• _Task description_: The entries that follow include a run beginning at the line with "3.這邊新增6個欄位名稱分別" and ending at the line with "为了便于多人协作Unreal"; restate that run word for word and leave the rest out.

• _Supplied records_:
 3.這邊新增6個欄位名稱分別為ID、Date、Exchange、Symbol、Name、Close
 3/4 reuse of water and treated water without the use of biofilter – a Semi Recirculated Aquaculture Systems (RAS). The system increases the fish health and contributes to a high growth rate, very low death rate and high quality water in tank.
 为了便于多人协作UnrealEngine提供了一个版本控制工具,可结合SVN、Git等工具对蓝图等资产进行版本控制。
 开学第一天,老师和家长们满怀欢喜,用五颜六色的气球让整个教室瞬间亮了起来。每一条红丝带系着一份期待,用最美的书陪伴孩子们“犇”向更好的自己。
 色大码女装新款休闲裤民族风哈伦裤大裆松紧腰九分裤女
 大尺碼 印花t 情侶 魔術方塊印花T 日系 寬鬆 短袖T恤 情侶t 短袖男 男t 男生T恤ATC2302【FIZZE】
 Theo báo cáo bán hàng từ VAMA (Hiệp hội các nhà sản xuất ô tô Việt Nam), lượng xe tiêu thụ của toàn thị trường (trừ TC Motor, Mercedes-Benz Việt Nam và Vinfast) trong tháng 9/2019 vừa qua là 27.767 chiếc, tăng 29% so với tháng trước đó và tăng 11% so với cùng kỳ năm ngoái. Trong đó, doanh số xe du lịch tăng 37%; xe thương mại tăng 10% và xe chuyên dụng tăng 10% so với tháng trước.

* * *

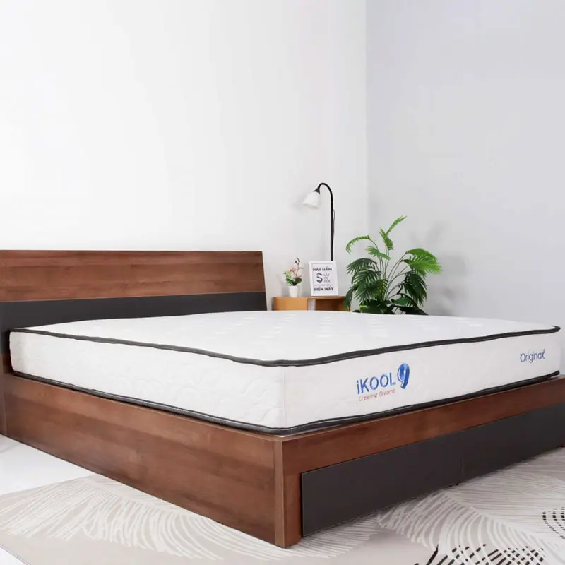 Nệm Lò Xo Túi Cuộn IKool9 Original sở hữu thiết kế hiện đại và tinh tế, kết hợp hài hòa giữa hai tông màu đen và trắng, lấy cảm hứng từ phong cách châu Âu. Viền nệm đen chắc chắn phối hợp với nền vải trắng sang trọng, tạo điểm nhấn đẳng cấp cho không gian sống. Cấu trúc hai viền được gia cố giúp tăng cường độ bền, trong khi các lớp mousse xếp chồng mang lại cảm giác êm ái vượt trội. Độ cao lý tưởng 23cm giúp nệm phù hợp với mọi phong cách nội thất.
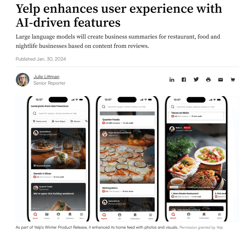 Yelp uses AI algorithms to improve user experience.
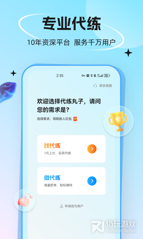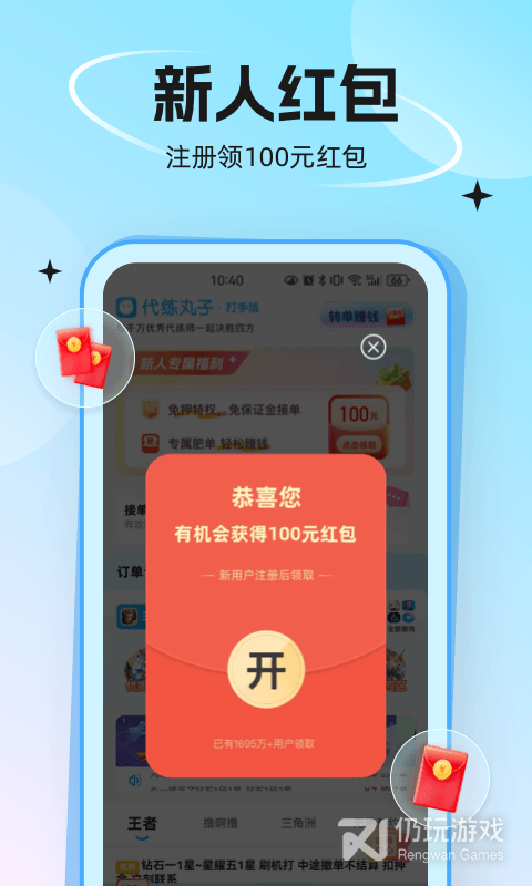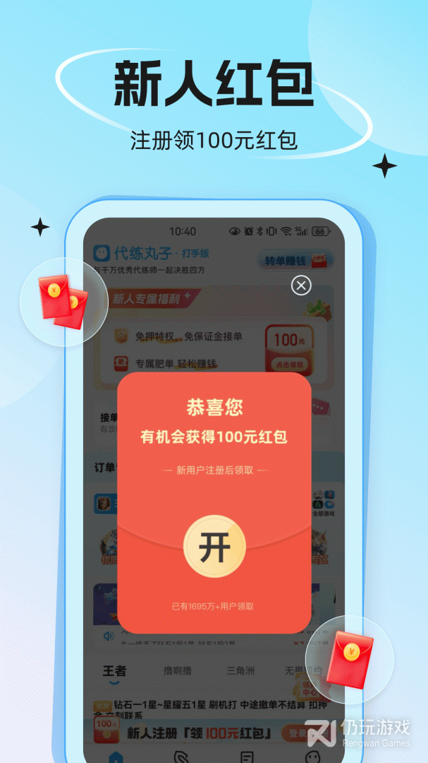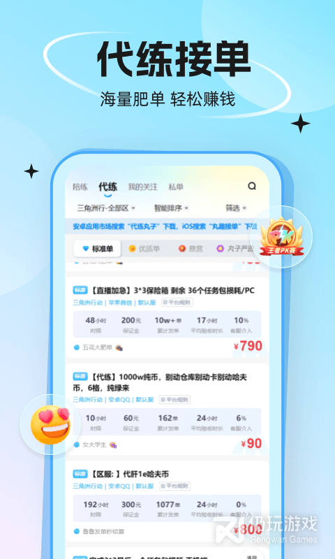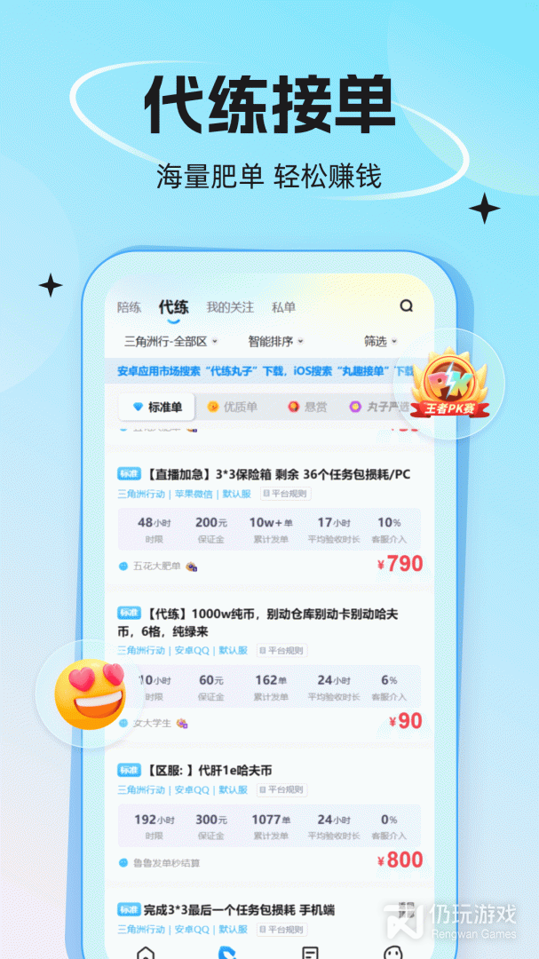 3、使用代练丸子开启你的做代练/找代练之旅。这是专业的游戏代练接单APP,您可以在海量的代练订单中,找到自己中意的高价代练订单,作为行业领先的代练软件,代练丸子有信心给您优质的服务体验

• _Solution_:
 3.這邊新增6個欄位名稱分別為ID、Date、Exchange、Symbol、Name、Close
 3/4 reuse of water and treated water without the use of biofilter – a Semi Recirculated Aquaculture Systems (RAS). The system increases the fish health and contributes to a high growth rate, very low death rate and high quality water in tank.
 为了便于多人协作UnrealEngine提供了一个版本控制工具,可结合SVN、Git等工具对蓝图等资产进行版本控制。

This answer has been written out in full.